And I can hear the care taker sweeping the leaves on the path outside my flat.

Chris didn’t give back my number 5 top.  He said it was still in the wash.  I am finding it hard to believe him.

Daniel moved in his cot and I froze.  The day was going to have to start; I was going to have to live today.  Please, please don’t wake yet Daniel.  Please don’t wake yet, Daniel.

Milk stirred in my bosom, wept.  Daniel woke.

Standing barefoot on the carpet, staring at nothing nowhere in mental turmoil:  my son caught me, again.

.

.

Copyright, Noeleen&Daniel 50/50

Just, fine.

Gidday, Subbers!

The next chapter of my novel, is but a breath away.

Where we are at in the telling, for new readers – & by the way: thanks heaps! you’re reading a true life, as told by the Lifer –

is I am in a new job as an actor at the Police Academy, Maylands, Western Australia.  My job description is to be a citizen “of sorts”, for the rookies to learn how to “deal with”.  Here’s a link to my last chapter reading, if you missed it (and didn’t mean to! ha ha ;) ).

Chris, who promised to take care of Daniel, has lifted our son from my hands so that I can work, sure, but he has placed him in other hands beyond my control.  Whereas I thought Daniel would be cared for mainly by Chris, as I (naively) took Chris at his word, as time counts down to consciousness, I realize that Daniel is left mainly with either Chris’ girlfriend Tracey and her son Phong, or with Chris’ sister Karen.  This wasn’t what we agreed.

There are no signs of abuse.

Daniel runs to me earnestly with a big smile on his face when I come to collect him.  Is that a sign of abuse?

~ ` ~

In aside, The James Diary continues to want to live.  In acknowledgement of this enduring will, it shall be given publication on true hard copy by approximately May 2013.  Pre-purchase continues available through Paypal, by inputting nandd333@hotmail.com at the ‘Send Money’ tab.

~ My most enormous thanks ~ to those who have pre-purchased a copy. I am honoured. Truly, you cannot imagine how honoured.  Your purchase is secure: you will receive that signed copy in the mail.
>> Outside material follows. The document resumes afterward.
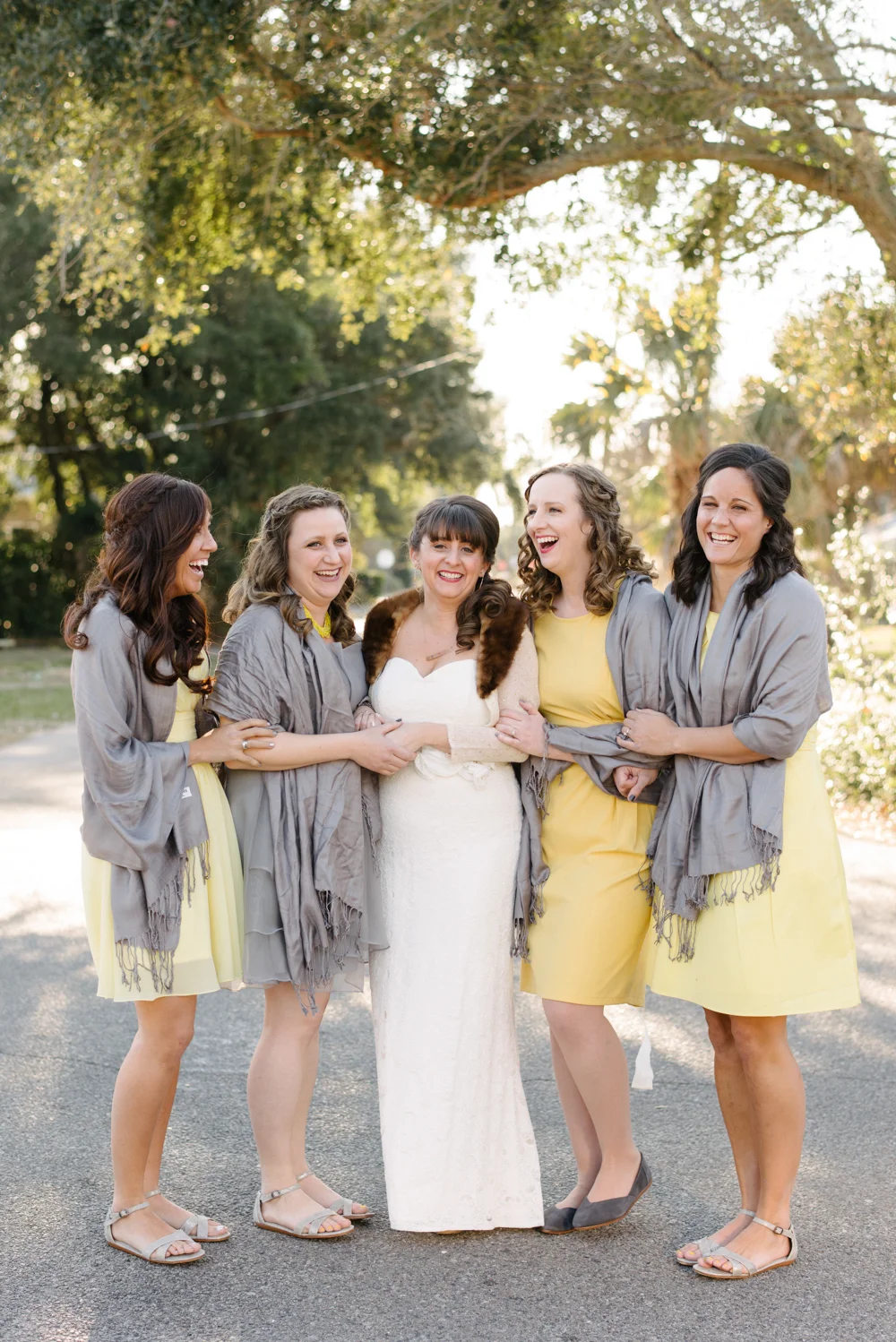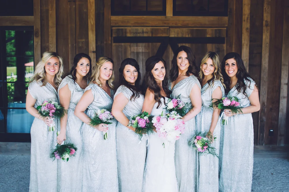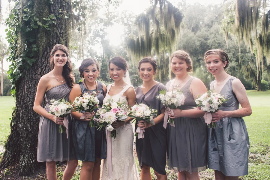 Jennifer's Bridesmaids wore their choice of grey dress for her Savannah wedding at The Olde Pink House.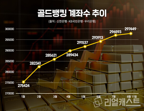 골드뱅킹 계좌수도 늘어나는 추세입니다. 1월 말 기준 27만 5424개에 불과했던 골드뱅킹 계좌수는 8월 11일 기준 29만 7449개로 2만 개 이상 많아진 것으로 확인됐습니다. 금값이 또다시 사상 최고치에 접근하면서 금에 쉽게 투자할 수 있는 은행 골드뱅킹 계좌개설이 늘어난 것으로 풀이됩니다.

From thinking I am nothing in my teens: bulimic, self-hating and shit on almost daily by my father, to see your tentative interest in the something I have past created but kept hidden under my mattress for so many years, for it was “just words, after all; and we’ve all lived; and other people have experienced alike and you’re not special; who do you think you are, you little snot” and on and on, as childhoods can be wont to do - from thinking I am not worth the effort of a next breath, to having Aunty Uta encourage me so much re publishingThe James Diary (and backing that by buying a copy!) and Aussie Emu …well, I decided to “just do it”, put it out there.

Oh, and re The James Diary, I decided to write “1” and “39” on the first and last signed copies sold.  The significance of this is explained in my debut post on the book.  Is that good, do you reckon?  I don’t know, I just get these ideas…but I like it.  Please let me know if you would not like that.

Once all 39 signed copies are sold (paid for, marked to receive a copy), I will do a post naming [and shaming – ha ha!] you all – those 39 first buyers of The James Diary.  

Subbers,and those who have put their money where their mouth is:  thank you for your belief that my words be worthy of reading; would sufficiently engage.

.

In re-reading The James Diary, before handing across to publishers, I have been reminded of the poems I wrote here and there.  Well, I use the word ‘poems’ loosely. I don’t write what I was taught in school a poem is, so I’m not even going there.

For the purposes of this post though, may I share with you a ‘poem’ lifted from The James Diary, before my next chapter re Daniel’s early life?

Copyright, Noeleen

Mum Krystyna family at church

My closer folk who know I was born on 3 March, know Mum suicided on 5 March.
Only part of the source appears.